1. STANDING COMMITTEES:
APPOINTMENT OF MAYOR AS MEMBER
The Legal Services Manager reports: "At its meeting on 20 September 1995 the Council resolved to adopt the New Zealand Model Standing Orders 9202:1992, with minor amendments. The former 1989 Model Standing Orders provided that the Mayor was an ex officio member of every committee but was not an ex officio member of a community board. I also understand that in practice it was not intended that the Mayor be an ex officio member of subcommittees. The 1992 Model Standing Orders provide that the Mayor "... may be appointed an ex officio member of any committee in accordance with s.114P of the Local Government Act 1974, but is not entitled to ex officio membership of a community board". It will be apparent that the Mayor, under the new Standing Order, is not automatically a member of Council committees and the Council must resolve that she be appointed a member. If the Council wishes to maintain the traditional approach of the Mayor being a member of all Standing Committees then the following recommendation can be considered. Recommendation: That pursuant to section 114P of the Local Government Act 1974 the Mayor is appointed an ex officio member of all standing committees of the Council." 2. APPOINTMENT OF COMMISSIONERS The Legal Services Manager reports: "At its meeting on 20 September 1995 the Council resolved to appoint the then current Councillors of the Council as commissioners, for the purpose of being members of a hearings panel of not less than three members. The resolution stated that the appointments would expire on 22 December 1995. The purpose of this resolution was to enable resource consent hearings to be held in the period between October and December 1995. It was anticipated that any such hearings would have been concluded by 22 December 1995. It has now become apparent that there are two hearings where decisions will not be issued by the commissioners prior to 22 December 1995. These hearings are: (a) An application by Telecom Mobile Communications Limited for a cell site at 148A Colombo Street; and (b) An application by C J Rowse of 64 The Esplanade for a resource consent for the installation of dormer windows.
2 Cont'd With regard to the former, the hearing commenced on 28 November 1995, resumed on 7 December 1995 and will resume again in late January 1996. With regard to the latter, the hearing will be held on 20 December 1995, but it is unlikely that a decision will be issued by 22 December 1995. In respect of both applications there are two commissioners who were formerly City Councillors and who were not re-elected, namely Mr R Arbuckle and Mr A Clark.

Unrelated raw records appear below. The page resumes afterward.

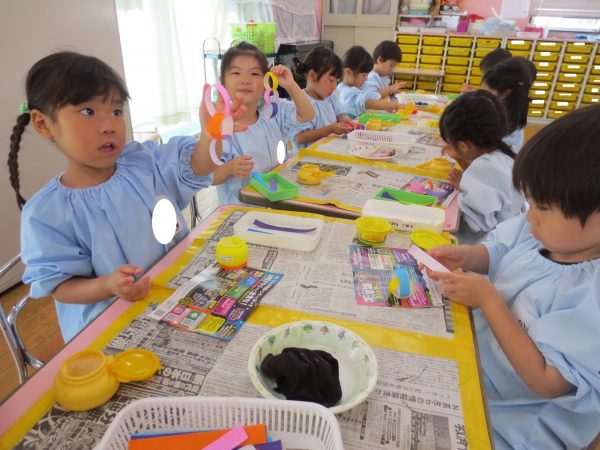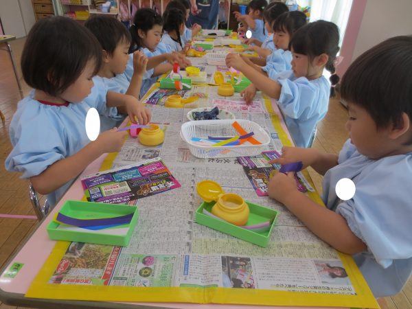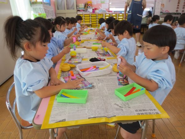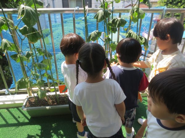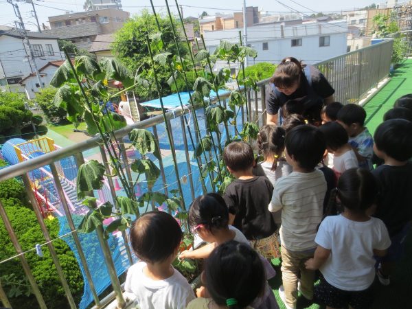 藤組さんでは、お泊り会のスタンツ「あの橋が落ちる前に」を初めてしました☆彡 菊組さんでは七夕製作をしました☆彡 小桜組さんではきゅうりの収穫をして、クラスで切ってマヨネーズをつけて給食と一緒に食べました☆彡
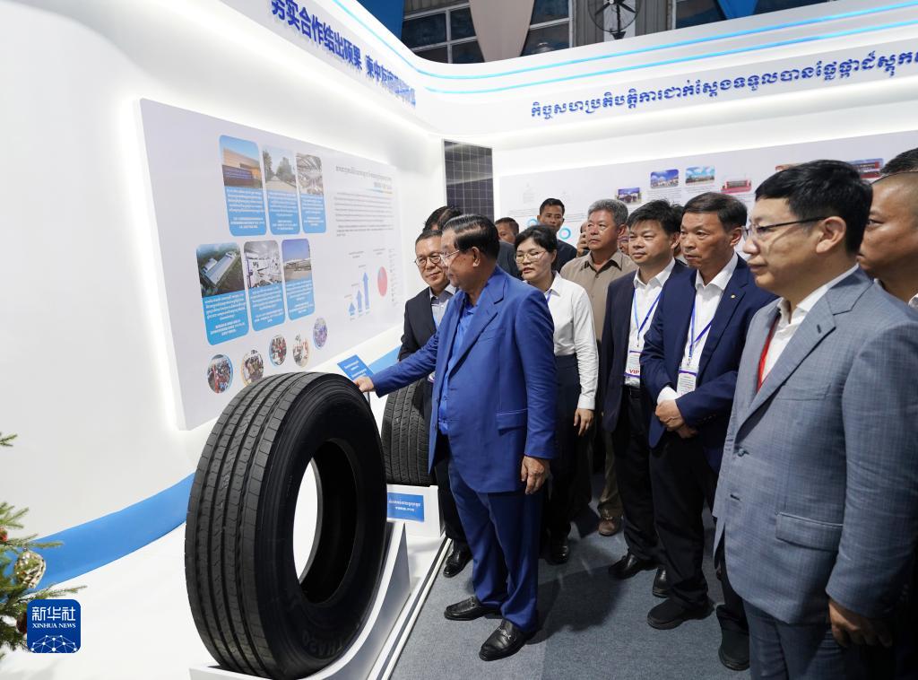 5月22日,柬埔寨首相洪森(前左)在西哈努克港經濟特區參觀共建“一帶一路”倡議十周年西港特區成果展。新華社發(李萊 攝)
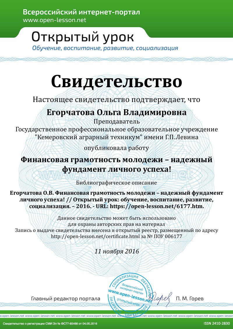 Финансовая грамотность молодежи - надежный фундамент личного успеха! В современном мире молодежь довольно рано сталкивается с финансовыми вопросами и вынуждена принимать решения при формировании личных доходов и осуществлении личных расходов, что делать достаточно проблематично из-за отсутствия необходимой финансовой грамотности. В XIX веке финансовая грамотность стала жизненно необходима, так как это залог финансовой независимости и уверенности в своём будущем. Финансовая грамотность – это достаточный уровень знаний и навыков, который позволяет принимать осознанные и эффективные решения в различных областях управления личными финансами, таких как сбережения, инвестиции, недвижимость, страхование, налоговое и пенсионное планирование и т.д.[2]Грамотный в финансовом плане гражданин не пойдет работать в организацию, которая выдает заработную плату «в конверте», потому что это отразится на пенсионных накопления, по сути, на размере будущей пенсии. Этот гражданин не согласится и на неофициальное трудоустройство, так как он автоматически лишается всего социального пакета: медицинского страхования, отпуска и т.д. Именно финансово грамотный человек всегда себя защитит и обезопасит, он всё обдумает, проанализирует и найдет наиболее правильное решение.В XIX веке отсутствие данного вида грамотности может привести к принятию неразумных финансовых решений, которые могут оказать неблагоприятное воздействие на финансовое состояние человека и даже загнать его в «долговую яму». Совершенно очевидно, что лишь незначительная часть людей умеет заставить деньги работать на себя, а большая часть населения всю жизнь учится работать за деньги. К сожалению, искусству управления финансами не учат в школе, об этом не принято вести систематических разговоров внутри семьи. Данная проблема ни одного поколения и передается от родителей детям, если родители финансово неграмотны, и детям негде получить необходимые знания, умения, представления об эффективном управлении личными финансами. Конечно, многие дети пытаются что-то изменить, но родители не всегда положительно реагируют на эти попытки – получается замкнутый круг.[1] Единственный способ изменить ситуацию, которая сложилась -– постоянно повышать финансовую грамотность населения, начиная со школьного образования.Финансовая грамотность – сложное, многоаспектное понятие, находящееся за пределами определенных географических, политических, экономических и социальных границ. Развитие экономик отдельных стран и мировой экономической системы в целом зависит от инвестиций, которые направляют в них отдельные люди и группы людей; все это образует сложную сеть взаимосвязанных и взаимозависимых отношений, в связи с чем, нельзя недооценивать уровень финансовой грамотности отдельных граждан и ее влияние на развитие мировой экономики в целом.[1]Финансовая некомпетентность граждан пагубно сказывается не только на личном благосостоянии конкретных индивидов из-за неправильного выбора контрагента на финансовом рынке или вида финансовой услуги, неверных решений в области личных финансов или вообще их отсутствия, избегания, пассивной позиции по отношению к личным финансам, но и оказывает мощное негативное влияние на развитие самих финансовых рынков и экономики в целом. Не подготовленн
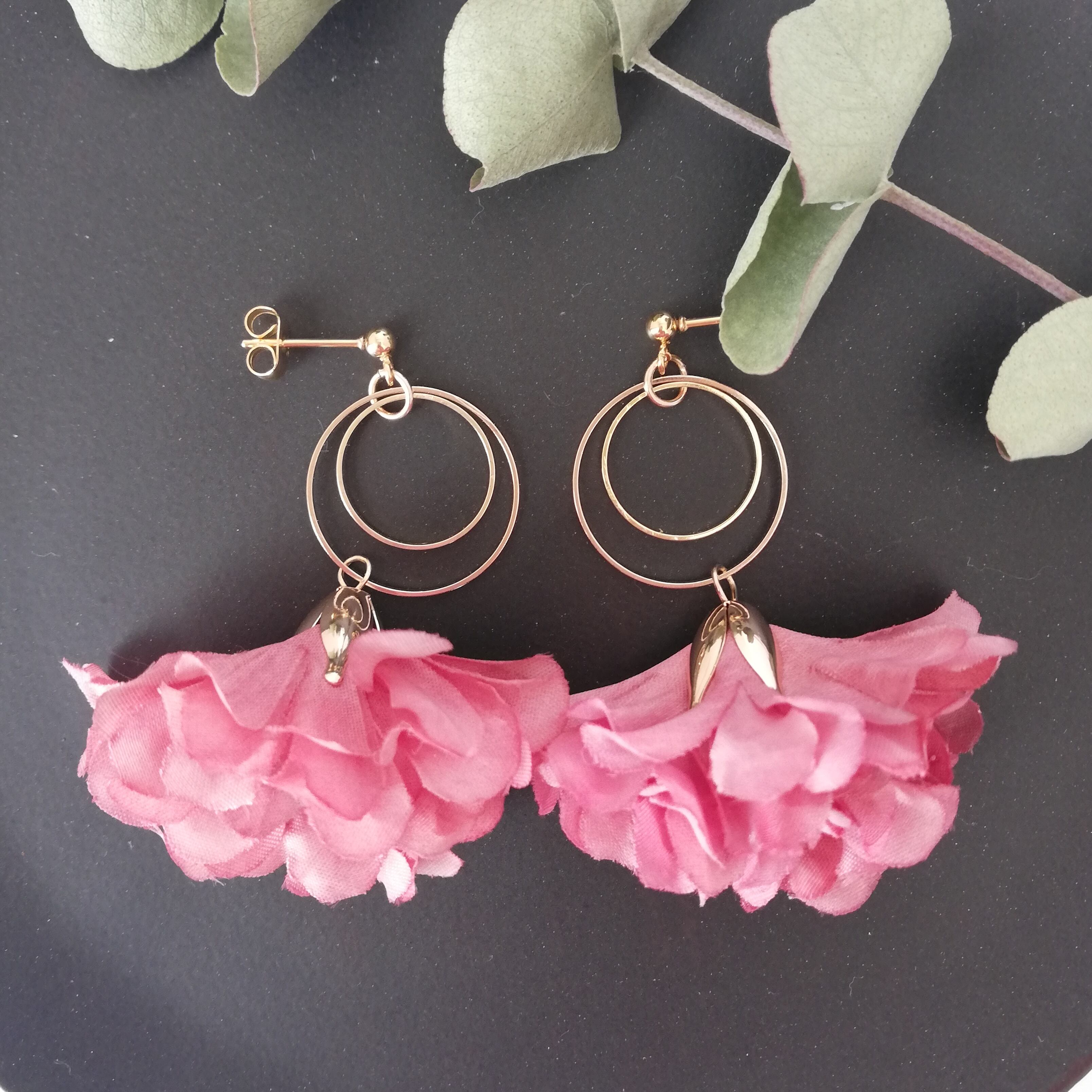 サイズ違いのフープとの組み合わせで揺れて踊っている様なお花のピアスに仕上げました。
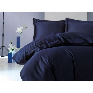 Lenjerie de pat dubla, 4 piese, 100% bumbac satinat, Cotton Box, Premium Elegant, bleumarin
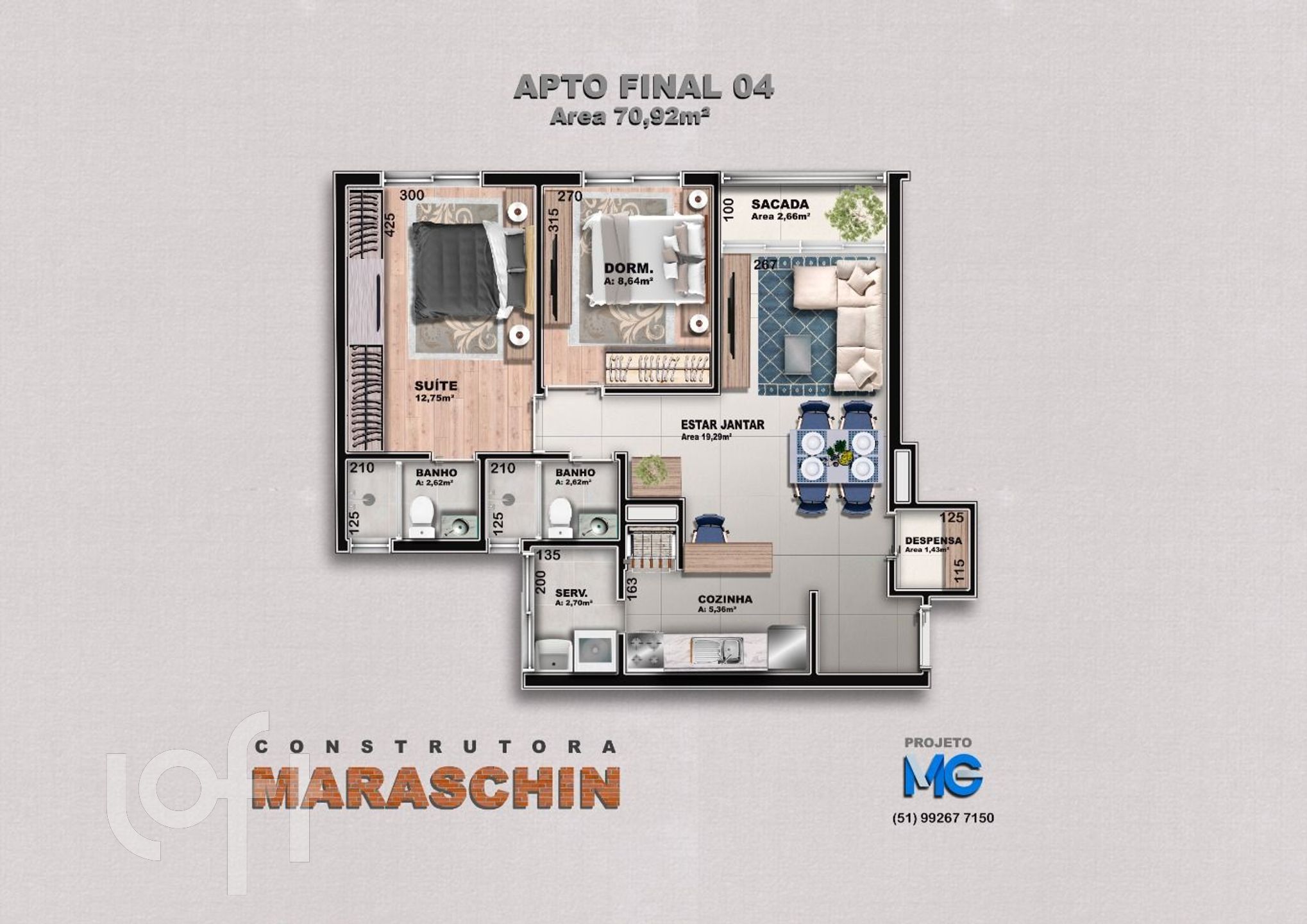 Este apartamento de 80 m² privativos traz o conforto de 3 dormitórios, churrasqueira privativa para reunir amigos, e 2 vagas de garagem para a sua tranquilidade.

To enable these hearings to conclude it is necessary to appoint all the persons involved as commissioners until the hearings have been concluded and a decision issued by those commissioners. Recommendation: 1. That, pursuant to section 34(3) of the Resource Management Act 1991, the Council appoint Mrs M Murray, Mr D O'Rourke and Mr R Arbuckle as commissioners for the purpose of hearing the application by Telecom Mobile Communications Limited for a cell site at 148A Colombo Street, Christchurch. 2. That, pursuant to section 34(3) of the Resource Management Act 1991, the Council appoint Mr A Clark, Mr N Dodge and Mr C Manning as commissioners for the purpose of hearing an application by C J Rowse for the installation of dormer windows at 64 The Esplanade, Sumner. 3. That the term of appointment of the commissioners in recommendations 1 and 2 expire upon decisions being issued by the commissioners, or if there is any appeal to the Planning Tribunal, upon any decision being issued by the Planning Tribunal. 4. That, pursuant to section 34(3) of the Resource Management Act 1991, the Council delegate to the commissioners described in recommendations 1 and 2 above, the powers: (a) To hear and make decisions on the respective applications; (b) To make any orders required for the protection of sensitive information during the course of a hearing pursuant to section 42 of the Resource Management Act 1991; (c) To consider and resolve any consent orders requested in respect of any proceedings before the Planning Tribunal. 5. These recommendations shall commence on 23 December 1995."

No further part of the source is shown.